Cyber Red Team Operator

At BBH we value diverse backgrounds, so if your experience looks a little different from what we've outlined and you think you can bring value to the role, we will still welcome your application!

What You Can Expect At BBH :

If you join BBH you will find a collaborative environment that enables you to step outside your role to add value wherever you can.

You will have direct access to clients, information and experts across all business areas around the world. BBH will provide you with opportunities to grow your expertise, take on new challenges, and reinvent yourself without leaving the firm.

We encourage a culture of inclusion that values each employee’s unique perspective. We provide a high-quality benefits program emphasizing good health, financial security, and peace of mind.

Ultimately we want you to have rewarding work with the flexibility to enjoy personal and family experiences at every career stage.

Our BBH Cares program offers volunteer opportunities to give back to your community and help transform the lives of others.

Cyber Red Team Operator

The Cyber Red Team Operator will be responsible for the execution of Red Team assessments to improve the security posture of BBH.

The Red Team Operator plans and executes Red / Purple Teaming events, Penetration Tests, Vulnerability Assessments, and Control Validations.

This position will be required to effectively operate under Red Team procedures / controls to identify vulnerabilities across the BBH environment.

PRINCIPAL RESPONSIBILITIES

Red Team Activities

• Execute Red Team activities to include scope development, planning, execution, data collection, reporting, and remediation support
• Conduct risk assessments of vulnerabilities identified and write reports to facilitate the mitigations and remediations needed to improve BBH security posture
• Understand and implement BBH Red Team Operating Standard and conditional Rules of Engagement in accordance with regulatory guidelines and best practices
• Lead collaboration and brief results with security architecture, development, network, server, and web teams to mitigate or remediate security weaknesses as well as provide prevention and detection recommendations for cyber threats.

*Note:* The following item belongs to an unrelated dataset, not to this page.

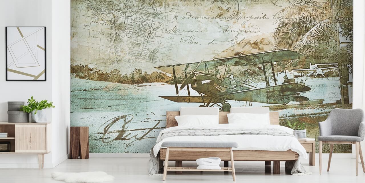 Let your interior design take flight with this stunning Blue Tinted Airplane wallpaper designed by Andrea Haase! With gorgeous tints of blue-green against off-white vintage tones, this stunning airplane wallpaper is not only unique, but it will subtly add colour into any room.
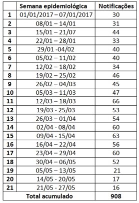 A Secretaria de Estado da Saúde (Sesa) informa que foram notificados no Espírito Santo 908 casos de Chikungunya entre 1º de janeiro de 2017 e o último sábado (27). Dentro desse total há 01 óbito confirmado. Há registro de circulação do vírus em 17 municípios: Aracruz, Afonso Cláudio, Baixo Guandu, Cariacica, Cachoeiro de Itapemirim, Colatina, Guarapari, Guaçuí, Jerônimo Monteiro, Linhares, Montanha, Nova Venécia, Serra, São Mateus, Vargem Alta, Vila Velha, Vitória.

Monitor the resolution of vulnerabilities with application and system owners and escalate identified security vulnerabilities when required

Participate in Cyber Tabletop Exercises as a subject matter expert for adversary behavior, intent, and TTPs

Technical Management

• Maintain an understanding of adversary Tactics, Techniques, and Procedures (TTPs) and how to best emulate adversary behavior for Red Team Activities.
• Recommend and manage configurations of Red Team tools and Attack Simulation Tools.
• Assist with the execution of Consultant Penetration Testing of the firm’s cyber security posture.

KNOWLEDGE, SKILLS AND ABILITIES

8 to 10 years of relevant experience in four or more of the following areas :

• Red Team Operations and Penetration Testing
• Network security assessments
• Web application vulnerability identification
• Designing and Implementing Red Team security controls
• Offensive Security
• Malware analysis and remediation
• Security Incident Response

Knowledge & technical skills :

• Expertise with security assessment methodology, vulnerability management, OWASP model, CVE ratings
• Experience with Red Team tools and attack simulation tools
• Ability to read web and application server logs to identify vulnerabilities
• Scripting / coding experience to prepare attack code
• Knowledge / ability to classify the severity of vulnerabilities
• Experience preparing Red Team reports
• Familiarity in cyber security forensics is a plus

Other requirements (licenses, certifications, specialized training, physical or mental abilities required)

• Offensive Security Certified Professional (OSCP)
• Certified Information Systems Security Professional (CISSP) a plus
• Network+ certification a plus

After hours & Weekend work required

We are an equal opportunity employer and all qualified applicants will receive consideration for employment without regard to race, color, religion, gender, national origin, age, genetic information, creed, marital status, sexual orientation, gender identity, disability status, protected veteran status, or any other protected status under federal, state or local law.